# West German Showlines



## kimbale (Mar 7, 2017)

I currently own a working line Shepherd and will be bringing home a West German Showline pup in a month. I have done a lot of research on the differences between the lines, spoken to breeders and am in love with the temperaments of his dam and sire. Still, I would love to hear from showline owners here about what to expect. I decided to go with a German showline because I wanted a dog with a bit less drive than the working lines, but still very active and protective. Plus, they're just downright gorgeous! I'm excited to experience the showline after having raised up a working line. 

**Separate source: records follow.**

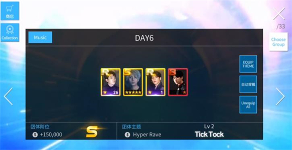 3、打歌时建议优先选用同一主题的卡牌,这类卡牌能带来更高的分数收益;高级别卡牌的主要优势在于血量更厚,但如果追求高分,还是需要搭配同一主题的卡牌进行游玩。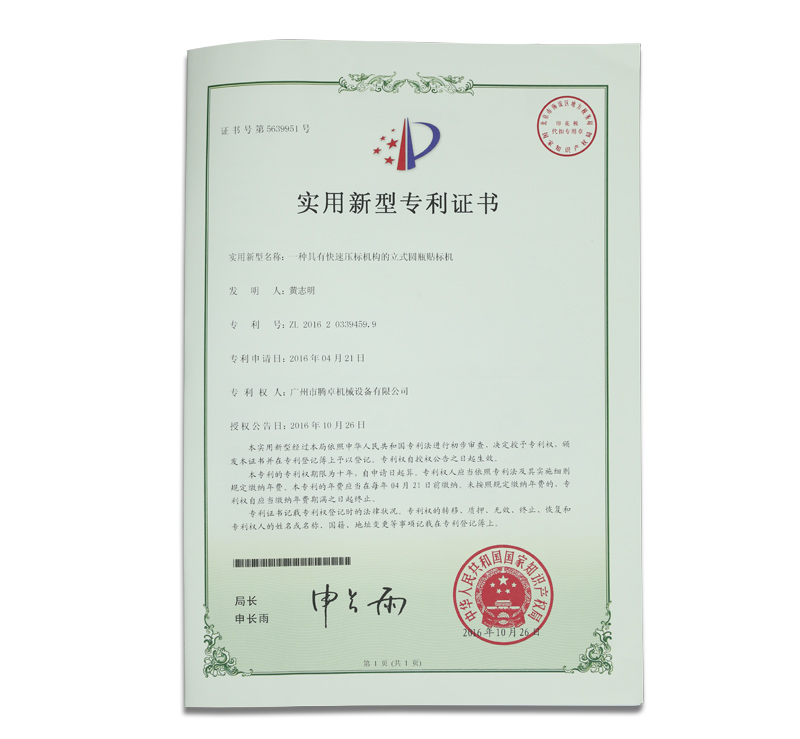 騰卓機械專利生產(chǎn)證書,專業(yè)制造包裝設(shè)備的生產(chǎn)廠家,全自動及半自動的洗瓶機,烘干機,灌裝機,旋蓋機,貼標(biāo)機,套標(biāo)機,打碼機等非標(biāo)定制自動化包裝生產(chǎn)線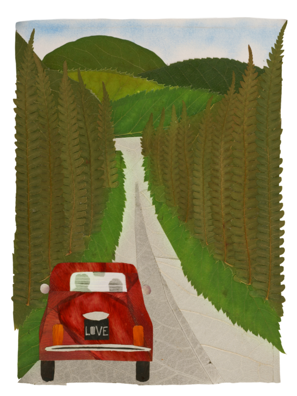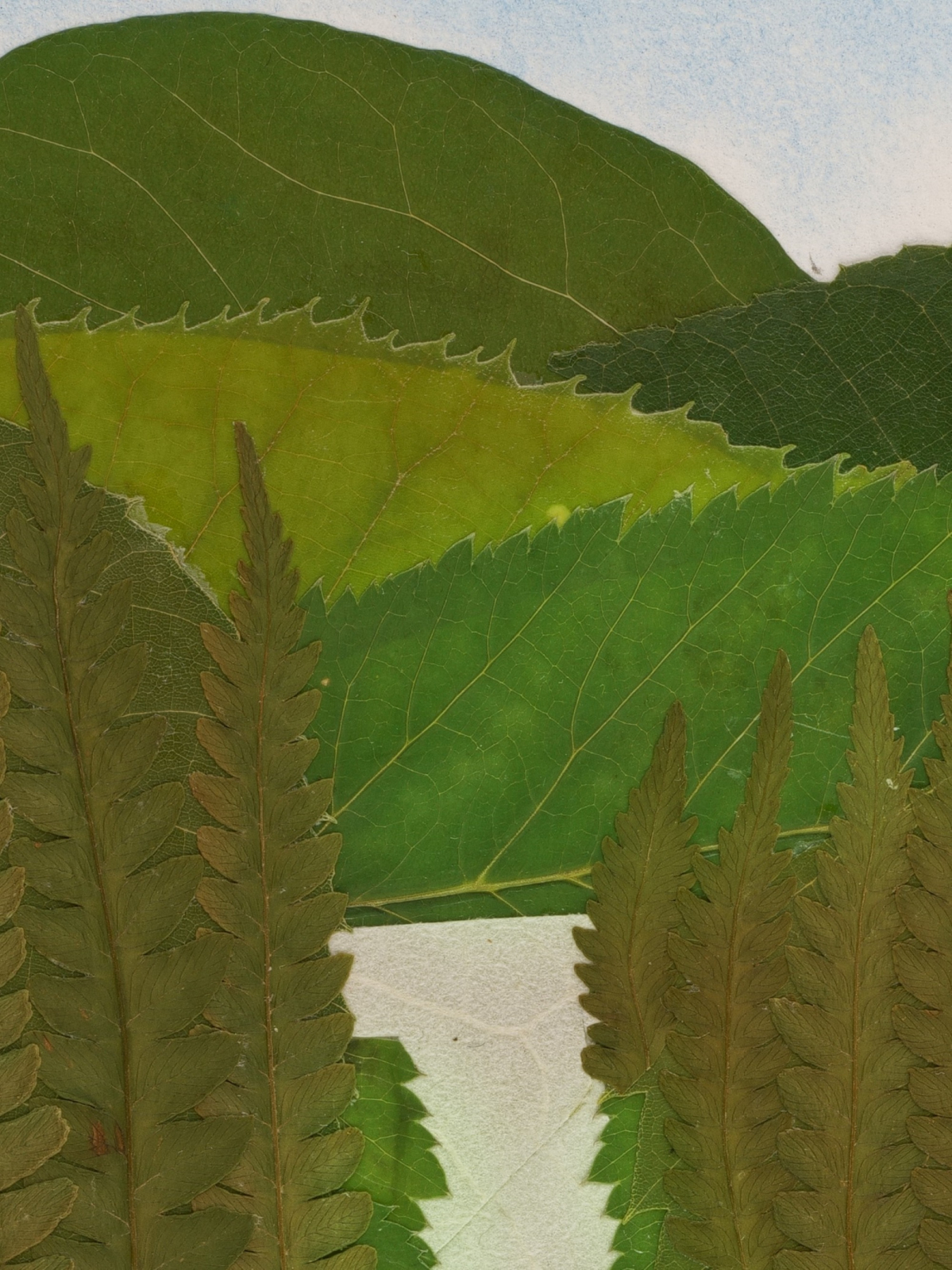 Aceasta piesa artistica prezinta feriga, frunze de plop argintiu, petale de lalea, banana si praz, toate culese si presate manual, pentru a le pastra frumusetea naturala.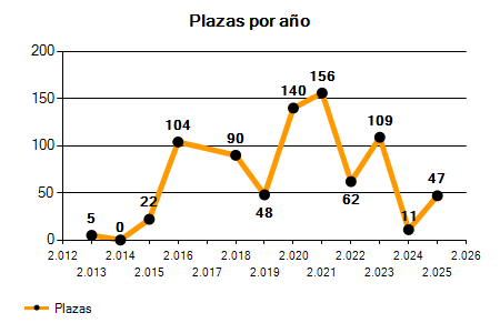 En los siguientes gráficos se puede ver la evolución del número de convocatorias y plazas convocadas para la profesión de Profesor de Procesos Sanitarios (Secundaria) de los últimos años pudiéndose observar un crecimiento del 400,00% desde el año 2013 hasta el 2025 en número de convocatorias y un crecimiento del 840,00% en número de plazas convocadas.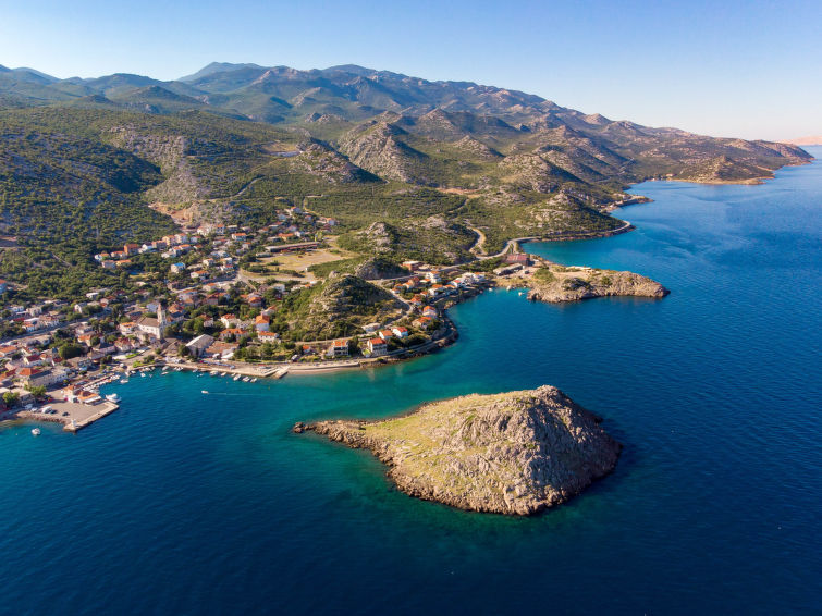 Apartment house "Val 2". 350 m from the centre of Sveti Juraj, in a sunny, elevated position, 300 m from the sea, 300 m from the beach. In the house: internet access. Parking at the house on the premises. Shop 450 m, restaurant 350 m, bus stop 500 m, pebble beach 300 m.2-room apartment 51 m2 on 2nd floor, south facing position. Fully renovated in 2018: living/dining room 20 m2 with satellite TV (flat screen), air conditioning. Exit to the balcony. 1 room with sloping ceilings, ceiling height 185 - 350 cm with 1 double bed (2 x 80 cm, length 200 cm). Exit to the balcony. Open kitchen (dishwasher, 3 ceramic glass hob hotplates, microwave, freezer, electric coffee machine). Shower/WC. No heating option. Balcony 15 m2, balcony 3 m2. Balcony furniture. Marvellous view of the sea. Facilities: washing machine. Internet (WiFi, free).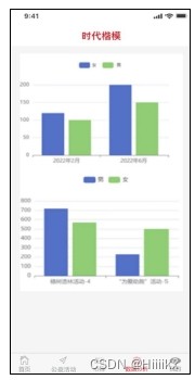 5.显示底部导航栏,采用图标加文字方式显示,图标在上,文字在下,共五个图标+文字组合,分别为首页、公益活动、心得、数据分析和我的,点击标签项进入对应页面,并颜色标记当前页面所在导航栏标签的icon和名称,当点击导航栏标签切换页面时,导航栏图标尺寸立刻变为原来的50%,500毫秒内逐渐恢复至原尺寸。
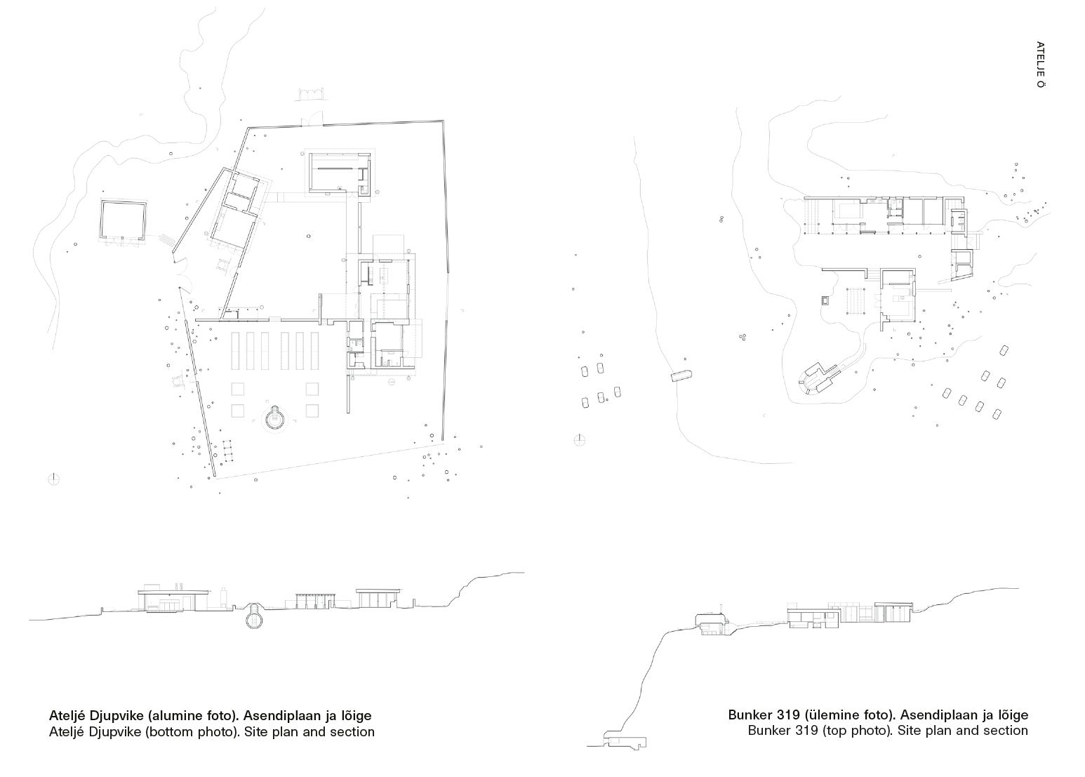 Ateljé Ö started where Skälsö left off in 2019. We were commissioned to develop a residential project called Bunker 319. The site had a small obsolete bunker situated atop a 20-metre-high cliff with a view of the Baltic Sea. The added spaces consist of four low houses developed around the bunker. The work to incorporate the bunker and create new spaces has transformed the site from rubbly remains into an oasis, all the while not disregarding the site’s history. The additions together with the already existing structures frame a terraced exterior space, thus creating a courtyard on the premises. A lonely tree grows in the middle, giving the space a semblance of a tiny village square. The spatial programme is spread across the site and the design of the gap-spaces interweaves new with old, outdoor with indoor, and natural with artificial.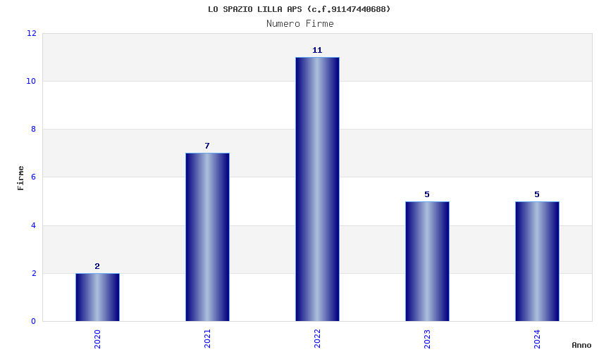 | Anno | Firme | Importi | Media | Naz. | Reg. | Prov. | Comu. |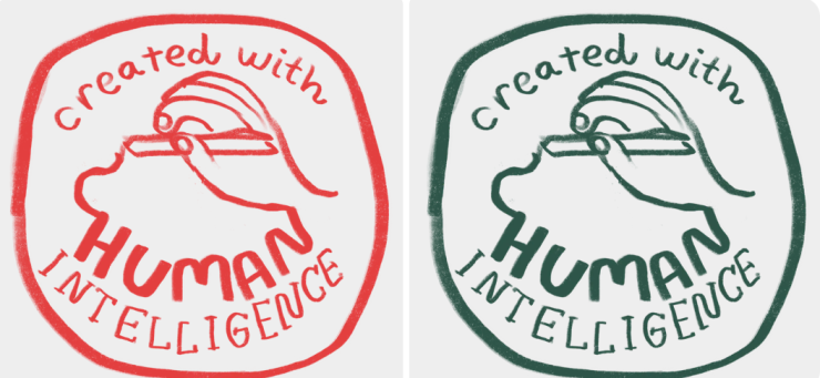 С начала лета представители художественной индустрии создают свои логотипы, где пишут фразу: Created with human intelligence. Так, одна из пользовательниц написала, что ее логотип можно использовать без ограничений, при условии, что художники создают арты без помощи ИИ. Там же мнение выразили и другие художники, которые буквально объявили войну искусственному интеллекту. Опубликован был данный протест на портале Substack, напоминающий платформу для различных обсуждений. С предложением девушки оказались солидарны тысячи дизайнеров и художников.
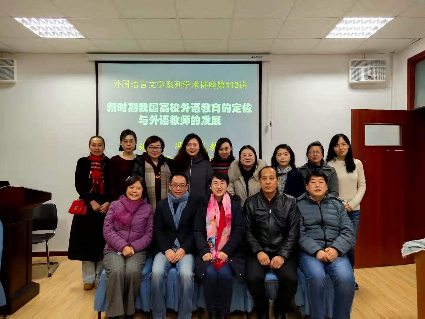 最后,冯教授针对新时期外语类专业改革和大学(公共)外语教学改革要求,指出大学英语教师应研究外国语言文学、关注大学英语教学改革、关注相关专业的教学改革。外语教育的理想状态是“实现教研、科研良性互动,以教学研究为出发点、以科学研究为落脚点。”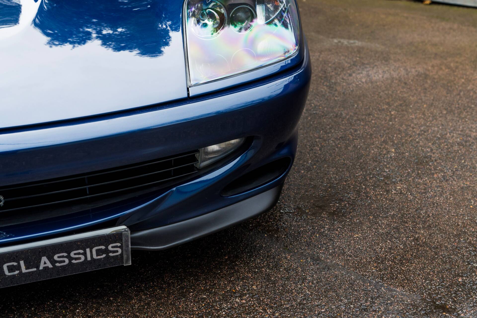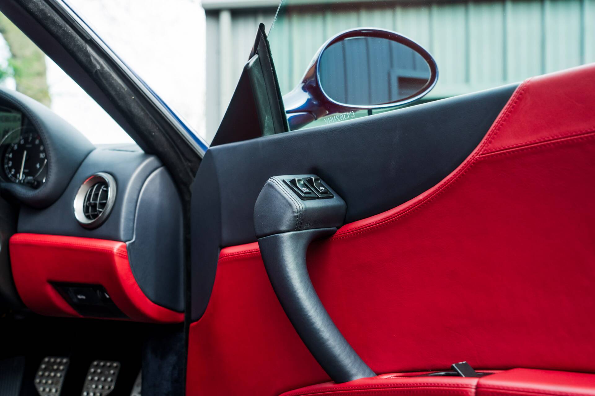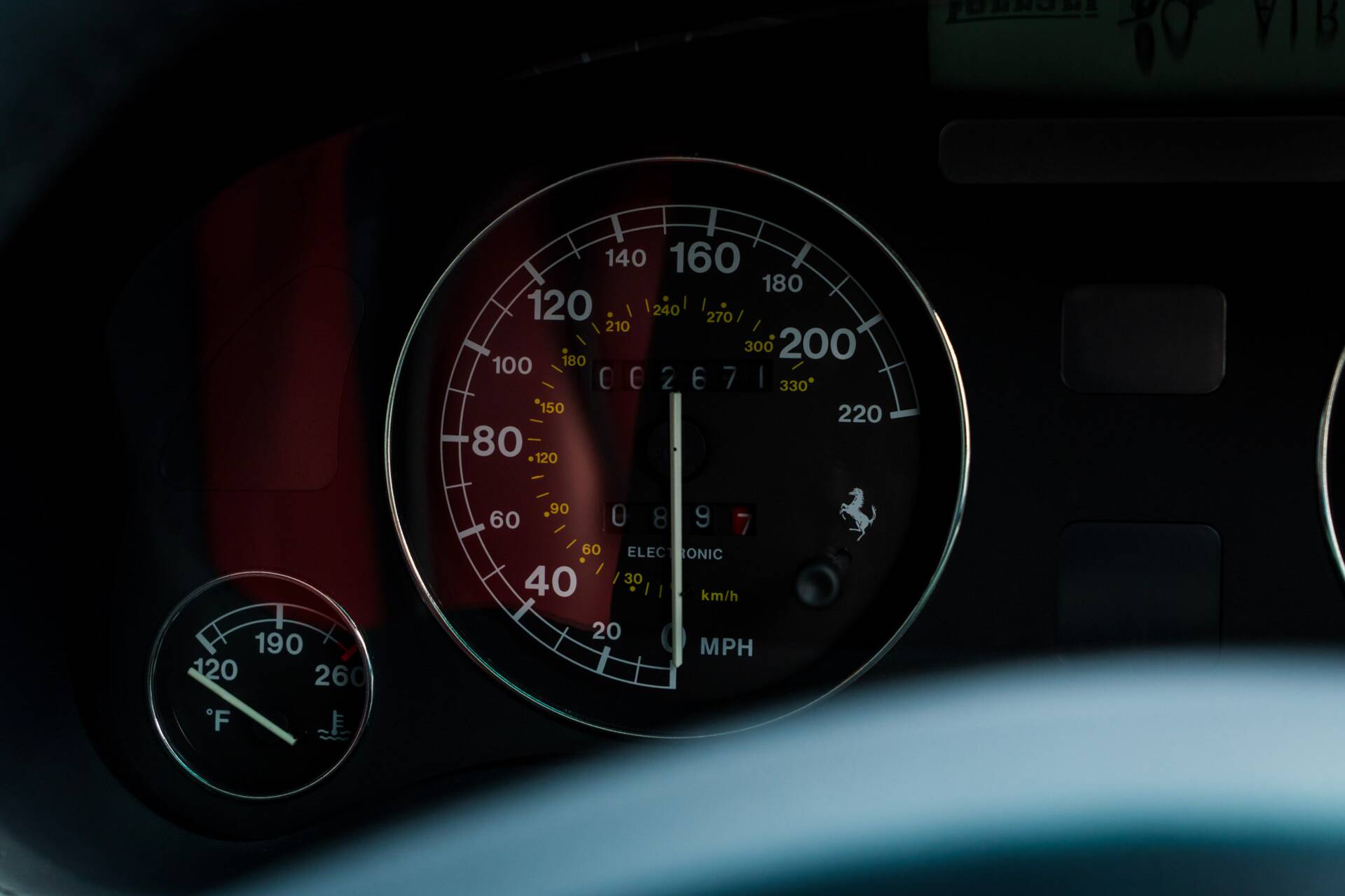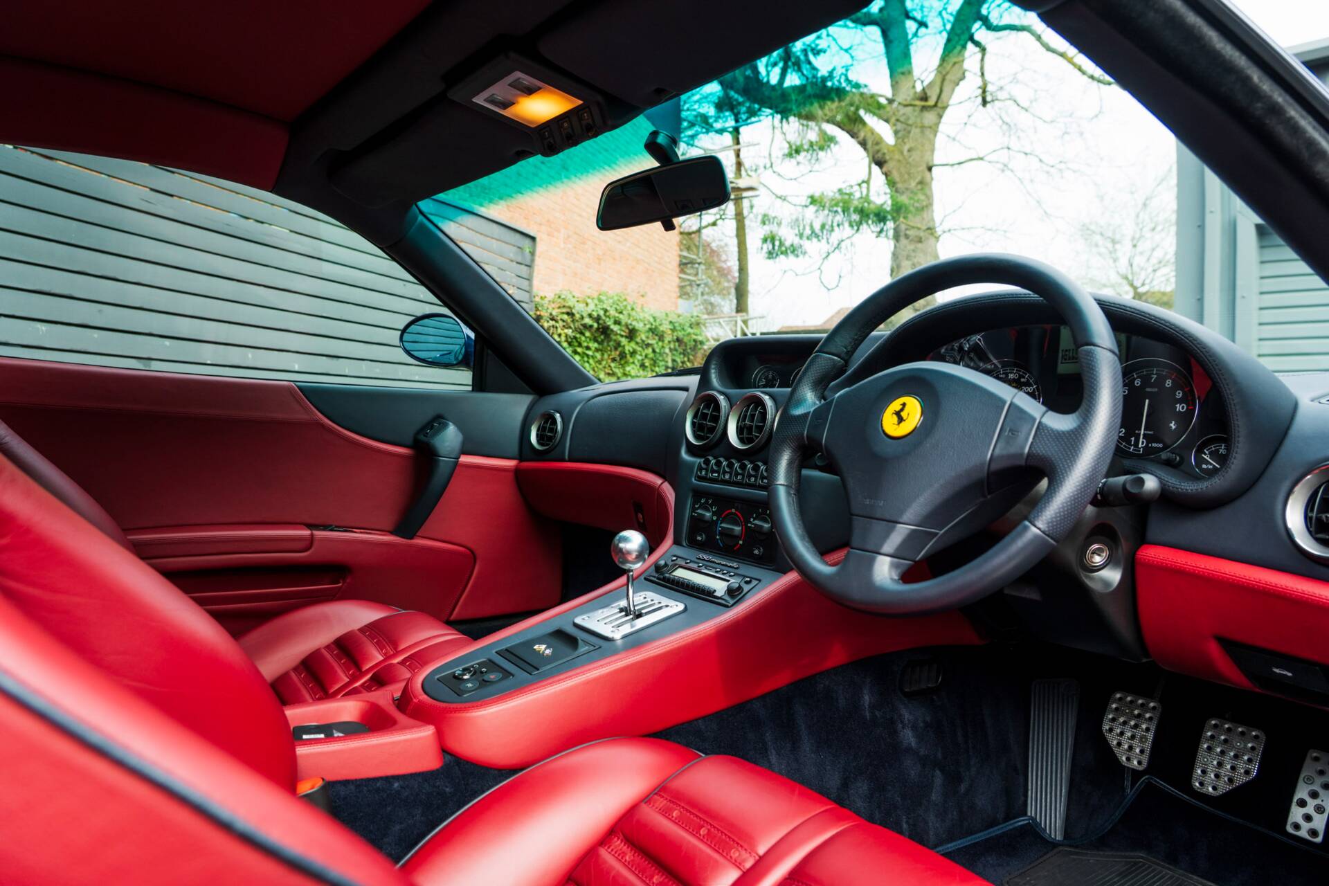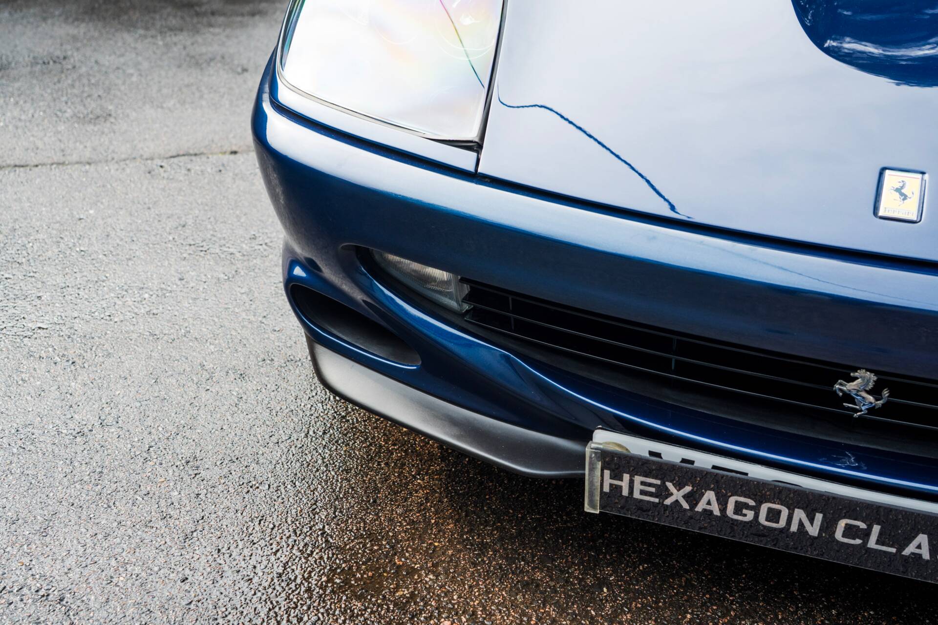 FACTORY SPECIFICATION INCLUDES:- 6-SPEED OPEN-GATE MANUAL GEARBOX, DAYTONA STYLE SPORTS SEATS WITH BLACK PIPING AND CAVALLINO EMBOSSED HEADRESTS, DARK BLUE DASH ROLL, DARK BLUE CARPETTING, NERO DASHBOARD ROLL, AIR CONDITIONING, ELECTRIC WINDOWS, REMOTE ALARM LOCKING, ASR, BLACK BRAKE CALIPERS, 18” ALLOY WHEELS, ALUMINIUM PEDAL SET, AND FERRARI STEREO RADIO.

I plan on doing Obedience, Rally, Barn Hunt and maybe Dock Diving with him.


----------



## maxtmill (Dec 28, 2010)

Congrats on your new pup! I am no expert, am not a breeder or a show person - just a pet owner. My first shepherd was showline, very friendly with all family members, more aloof with neighbors and the kid's friends. Barked at any vehicle coming in the driveway, was protective until we told him it was okay. Just moderately active. My second shepherd came from hobby breeder, and she was working line, which I was not totally aware of ( my fault for not asking more questions and doing more research). She was gorgeous and downright brilliant, the star of her obedience classes. But she was SO intense, and had a very high prey drive. She was not safe around my smaller dogs or the cats at all. She was much more dog than I could handle, and her breeder did take her back and placed her in a home with a vet tech student. She is doing well. My girl now is WGSL, and she is Fantastic! Very intelligent, friendly with us, velcro to my side all the time ( even tries to walk into the shower with me!), aloof but benevolent with our company, loves loves loves the neighbor kids, barks to alert us with any activity, is good with my other dogs ( after an adjustment period), and is moderate in activity level. Her prey drive is pretty high - she caught a bird that flew into the House and dispatched it to heaven. She is the perfect fit for us, as a retired couple.


----------



## sebrench (Dec 2, 2014)

My first GSD was working line, and I currently have a WGSL male. He's a really good fit for us and our household. My working line dog was quite serious, even as a puppy, and it took him a month or so to bond with the family, but once he did, the bond was very strong. I kind of had to teach him to lighten up and be goofy once in a while. My WGSL is much goofier, eager to please, a fast learner, wonderful with my toddler, and makes me look good in our classes. He is stable and social in public. I can take him anywhere. He especially enjoys attention from kids. He can run all day, but has a good off switch (especially now that he is more mature). He behaves well around other leashed or controlled dogs (I'm not a big fan of dog parks, except when practicing our obedience outside the fence). I loved my working line dog, and hope to have another someday, but for right now my WGSL is a good fit for our household.


----------



## KaiserAus (Dec 16, 2016)

My Kaiser is a WGSL. He is only 4.5 months old so still waiting to see how he will turn out.
He is very clever, loves doing his training... do something new with him 3 times and he's got it. 
He loves all kids, adults and other dogs - but he is a baby still so we will see if this changes.
He is most active in the mornings and the evenings and then sleeps all day which suits us fine as we are out at school and work.
He has been great in public - walks well, sits nicely at restaurants whilst we eat. He has never appeared timid or scared (apart from being scared of a big Buddha statue for week, but he got over that  )


----------



## melissajancie (Dec 22, 2016)

I must have really gotten lucky. I just got my WGWL on Saturday and he has a low drive. He is working out perfectly as a service dog for me and I couldn't be happier with him. Maybe it was the extensive training he was put through - probably - because he has an off switch in our home as soon as we walk in the door. On the other hand he will lay down for 2 hours at a restaurant no problem. He does get a lot of mental exercise daily along with lots of walking, etc. I think the service work he does daily is what wears him out  But he is happy to work and we do spend a lot of time off leash walking also.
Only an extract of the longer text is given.